Lab tech’s asphalt binder work paves the way to grad school
Rostyslav “Rusty” Shamborovskyy, a Rutgers student working in CAIT’s Pavement Resource Program (PRP) lab, is heading into his graduate studies with some impressive academic credentials. Shamborovskyy has 4.0 GPA and his hard work has gotten him well-deserved notice from several players in the asphalt industry.
First came a $4,250 award in January from the North/Central New Jersey section of the American Society of Highway Engineers. Then, in April he learned he was the winner of the David R. Jones Scholarship from the Association of Modified Asphalt Producers (AMAP). And at the end of May, the New Jersey Asphalt Pavement Association informed him he’d been selected for the Elaine and Robert Lang Foundation Scholarship.
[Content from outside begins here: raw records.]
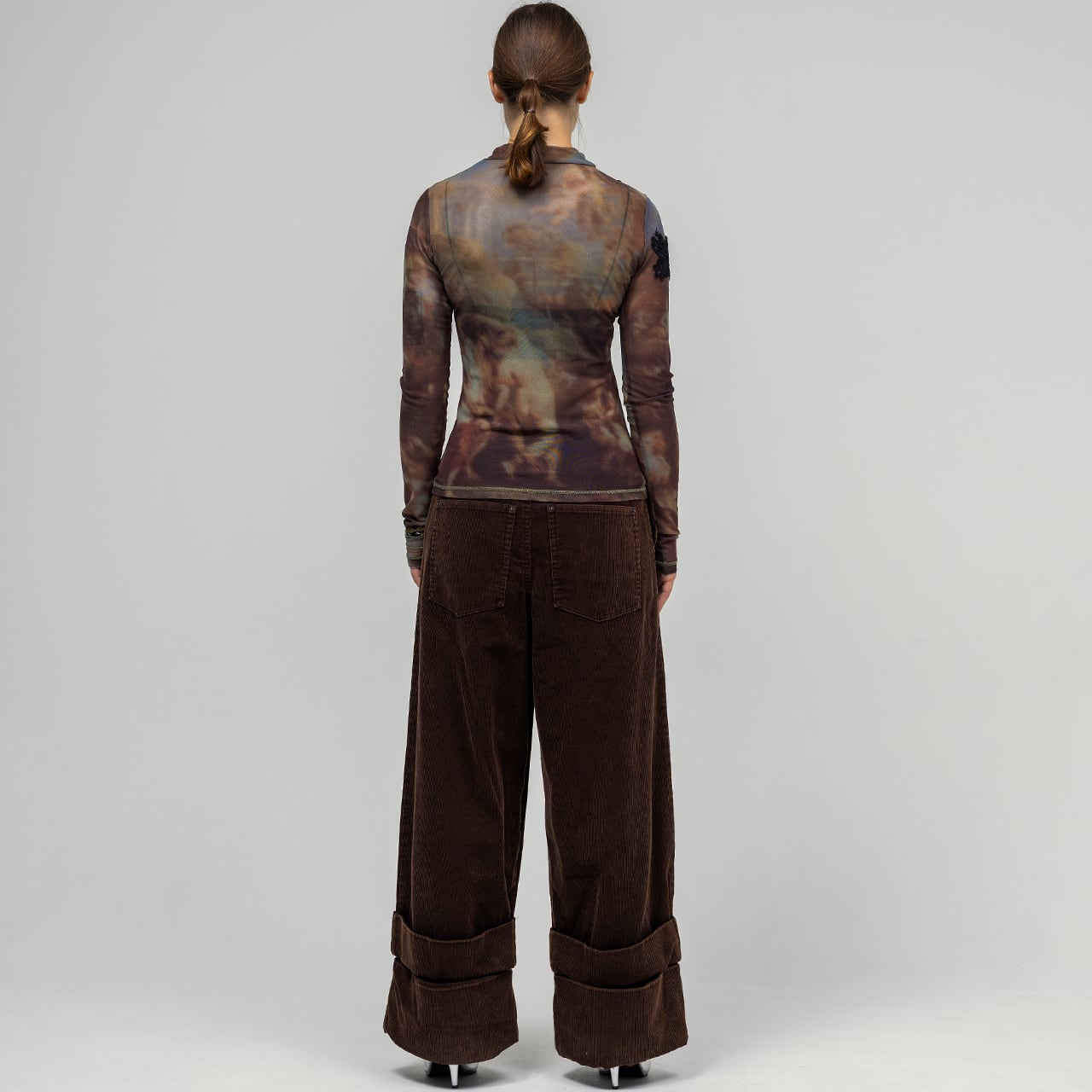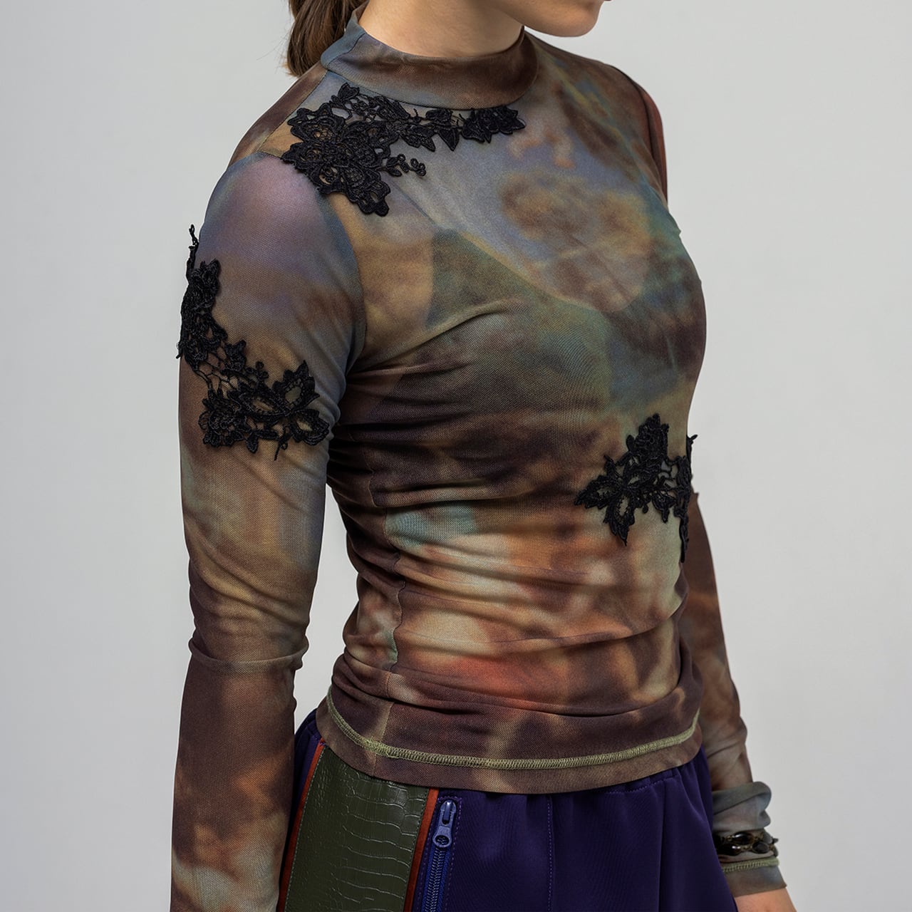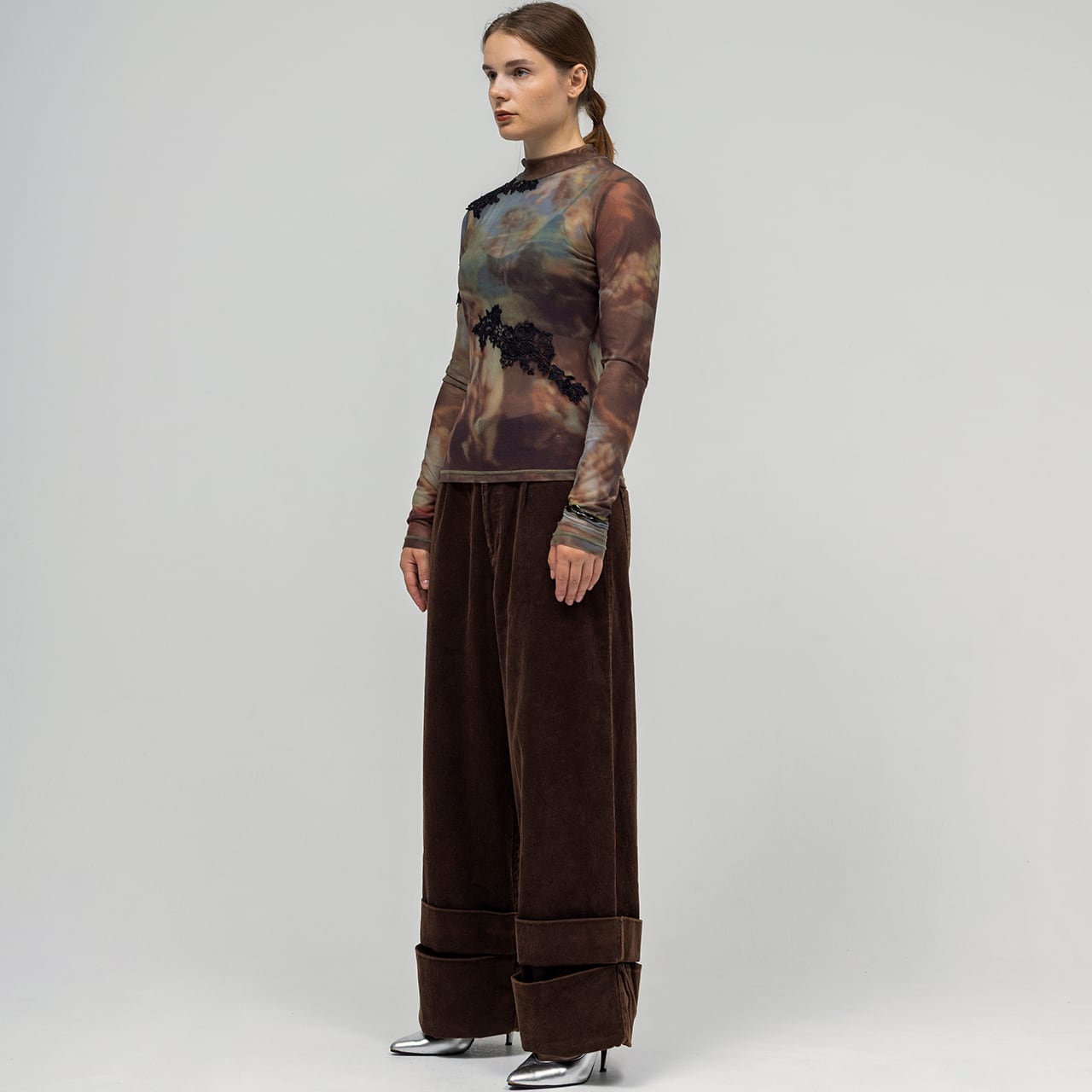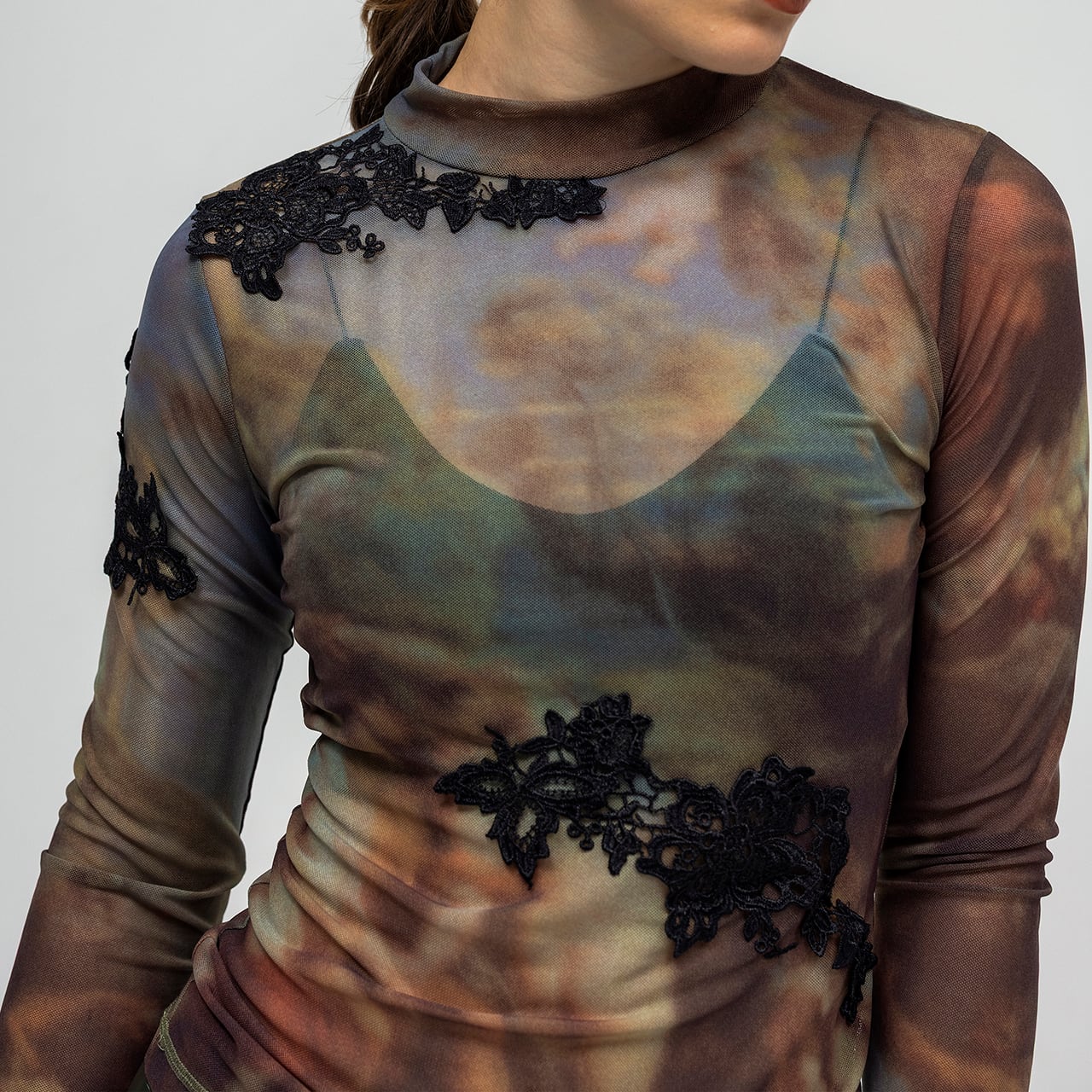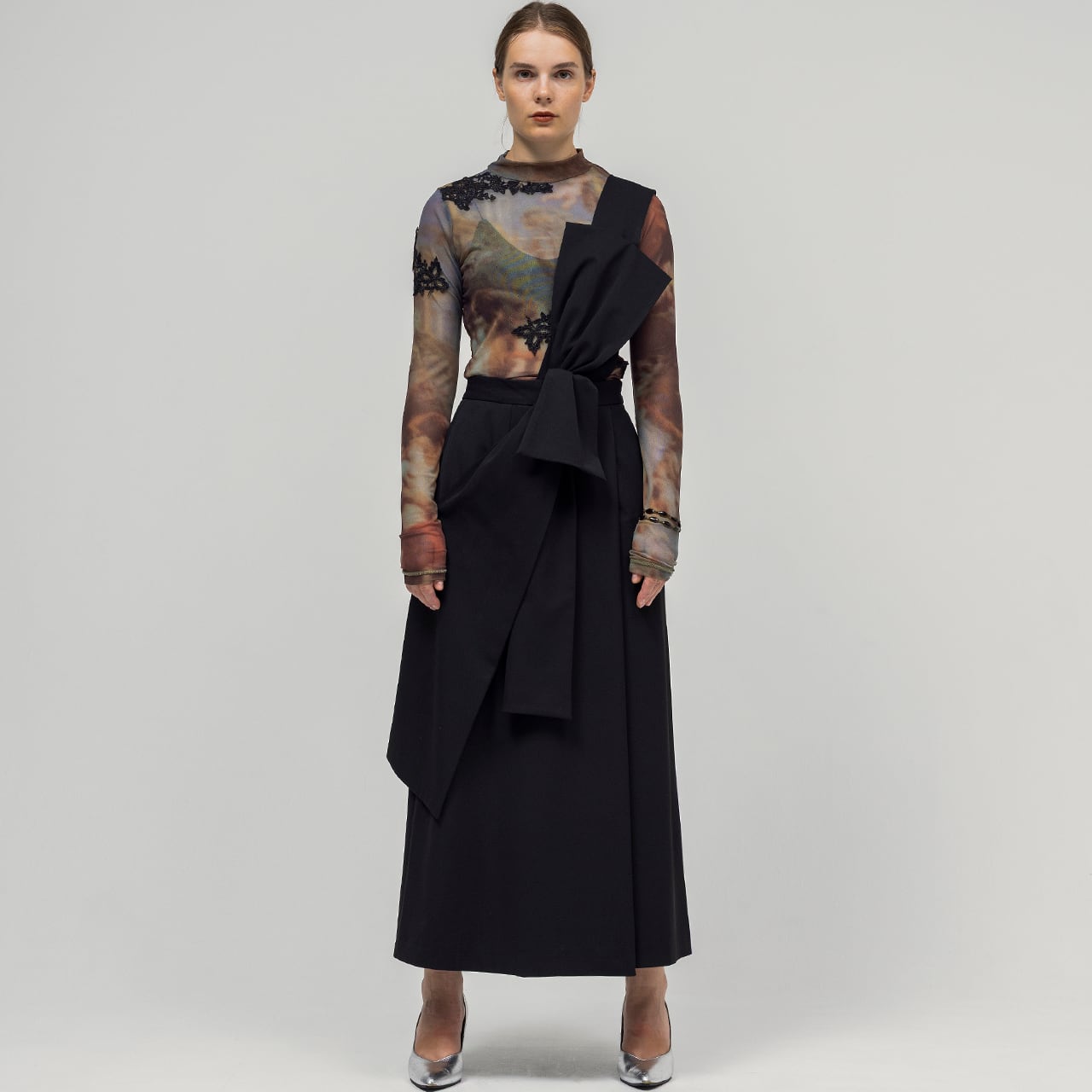 ヨーロッパの古典絵画を大胆にプリントし、表情豊かな立体感のコードレースを施したまるでアートピースのような1着。
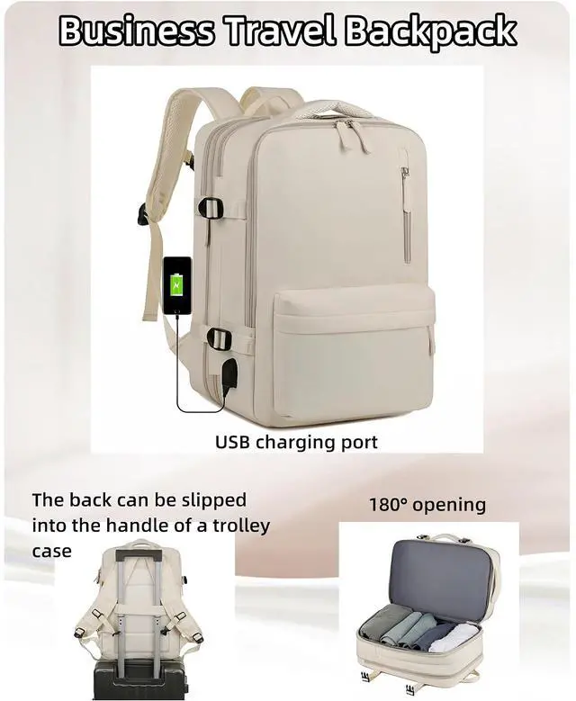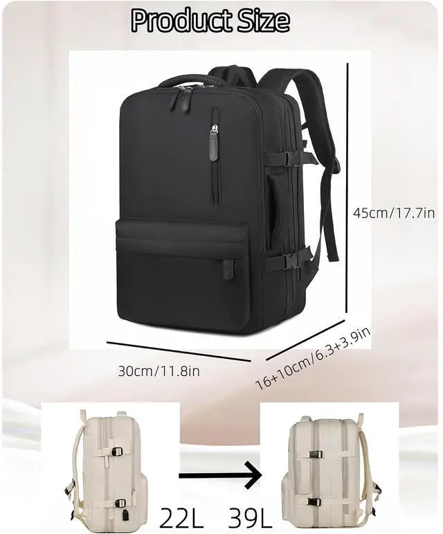 Stay organized on the go with this 40L Expandable Travel Backpack, crafted from durable waterproof polyester and designed for school, office, or travel. Measuring 46 x 32 x 23 cm, it fits 17.3" laptops and features a USB charging port, wet/dry compartment, shoe pocket, and hidden anti-theft back panel. The expandable main section opens 180° for easy packing and airport checks. Padded shoulder straps and breathable mesh ensure comfort, while a rear luggage sleeve adds travel convenience. The package includes 1 backpack.
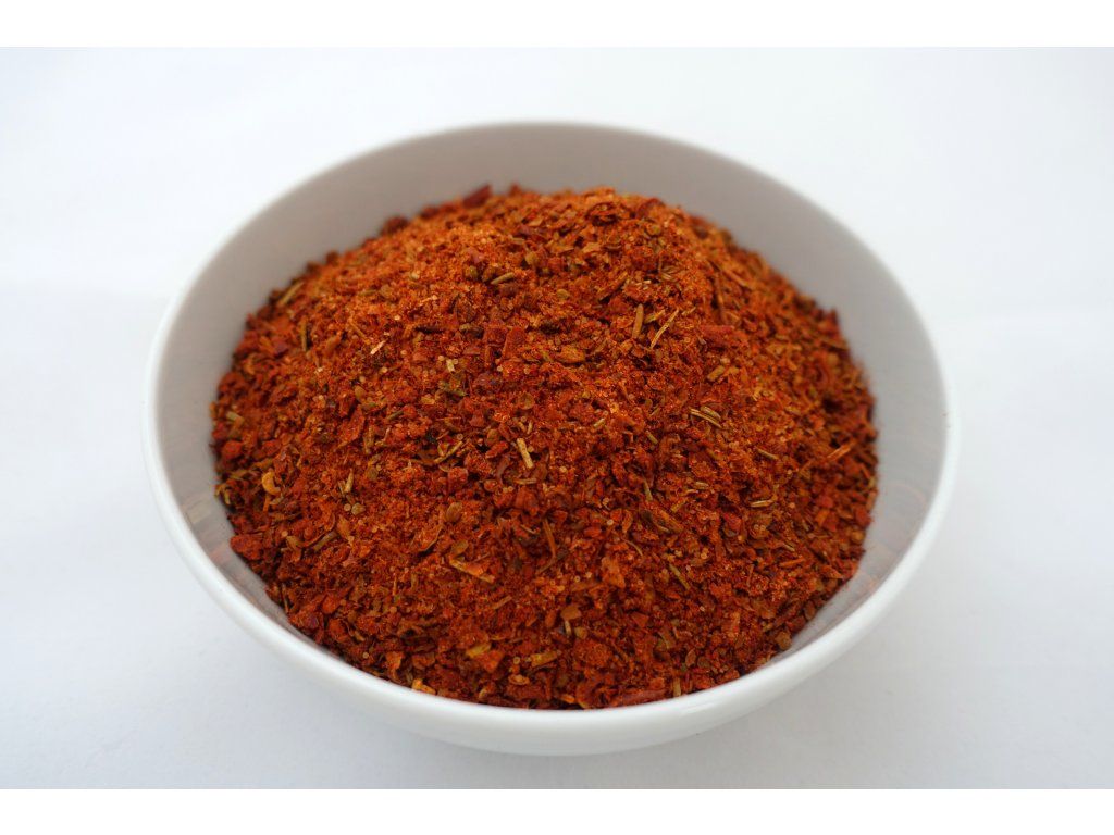 ZLOŽENIE: Soľ max. 30 %, paprikové floky červené, paprika sladká, glutamát sodný, rozmarín, oregano, HORČICA bílá, čierne korenie mleté, rasca mletá.
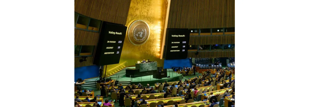 اقوام متحدہ(شِنہوا)اقوام متحدہ کی جنرل اسمبلی نے  غزہ میں "انسانی بنیادوں پرفوری جنگ بندی" کا مطالبہ کرتے ہوئے ایک قرارداد منظور کی ہے۔
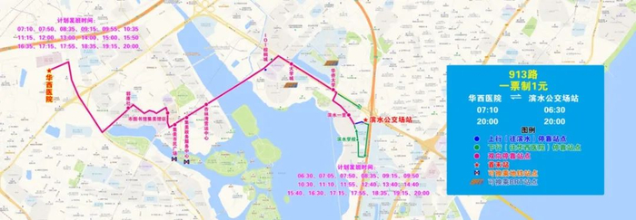 为方便华西医院乘客接驳BRT大学城站,调整390路由园博苑公交场站改至华西医院始发,运营时段由高峰专线变更为常规线路,并同步将线路号变更为913路。
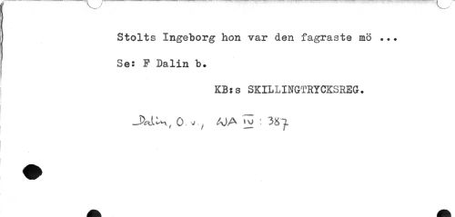 //// Stolts Ingeborg hon rar den fagraste mö ... Se: F Dalin b. //// KB:s SKILLINGTRYCKSREG. JUvh, 0- v./ AJA »w : 3&J ////
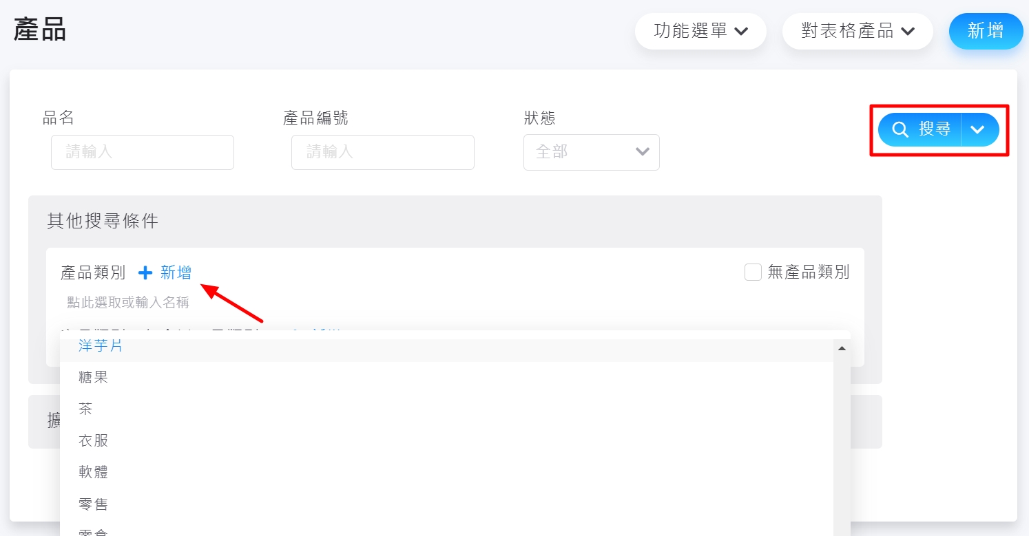 3. 在「其他搜尋條件>產品類別」欄位中,點擊「新增」並輸入或直接在下拉選單中找到您欲查詢的類別,選好之後點擊右方的「搜尋」按鈕即可。
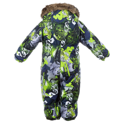 Vaikiška neperšlampanti ir vėjui atspari kombinezonas. Kvėpuojantis audinys. Tinka tiek kūdikiams, tiek mažyliams, kurie jau vaikšto. Viduje gražus ir minkštas flanelės pamušalas. Elastinė juosta rankovių ir kojų galuose. Nuimamas kapišonas tvirtinamas prie apykaklės spaudžiamomis sagomis saugumui. 68-80 dydžių kombinezonuose rankovės ir kojų galai gali būti patogiai užlenkti. Vandeniui atsparios užlydytos siūlės. Kombinezonas be vidinės kojų siūlės. Elastinės pėdų juostelės. Nuimamas dirbtinis kailis ant kapišono. Šviesą atspindintys elementai ant audinio užtikrina saugumą tamsoje.

Shamborovskyy, who is starting his master’s at Rutgers School of Engineering in the fall likes to get his hands dirty, both in and out of the CAIT PRP lab, where he has been working for the past year and a half. An avid fisherman, dirt biker, and soccer player, Shamborovskyy is studying how asphalt binders will perform 10 to 20 years into the future, and likes his work there because it is very hands on.
“When people think about civil engineering, they mostly think about construction and management,” said Shamborovskyy. He said he was drawn to studying asphalt because it is unique, requiring a different set of skills and allowing him to experiment directly with raw materials, as opposed to spending more time in front of a computer manipulating numbers.
Chris Ericson who heads up PRP’s binder operation also started as an undergraduate working in the lab. Ericson is Shamborovskyy’s supervisor and praised his work ethic and a quality he doesn’t’ see in every student worker: “When it comes to reliability and precision, Rusty goes the distance and makes sure testing is done accurately and on time. He also brings to the table what most people don’t—a creative mind.”
“The ultimate goal of my research is to improve asphalt technology by working ot make asphalt pavement more cost effective an durable,” Shamborovskyy said, adding that in turn, that will reduce lane shutdowns for repairs, making drivers happier and reducing congestion. His other area of research interest is green technology, working with recycled asphalt pavement.
As lead technician in PRP lab—which was reaccredited by AASHTO for the fourth time in 2013-- he is working on a project extracting and reusing asphalt from post-manufacturer and post-consumer shingles. To recover the valuable reusable material from discarded roofing, Shamborovskyy uses solvents, centrifuges, and a rotary evaporator to separate the asphalt binder (black sticky stuff) from the other components of the shingles. He mixes the extracted shingles binder with virgin binder and subjects it to a veriety of AMRL-certified tests, using the lab's Dynamic Shear Rheometer, exmaining how susceptible they are to the effects of aging.
Asked where he sees himself career-wise in 10 or 15 years, Shamborovskyy admits that's a tough question to answer. If he's not in asphalt, he said he could see himself in the geotechnical industry.
Organizations from which Shamborovskyy received the awards draw members from research firms, polymer and asphalt production companies, contractors, and other related industries and government agencies. These professional groups promote technical research, education, production, and planning to advance development, production, and use of asphalt pavements.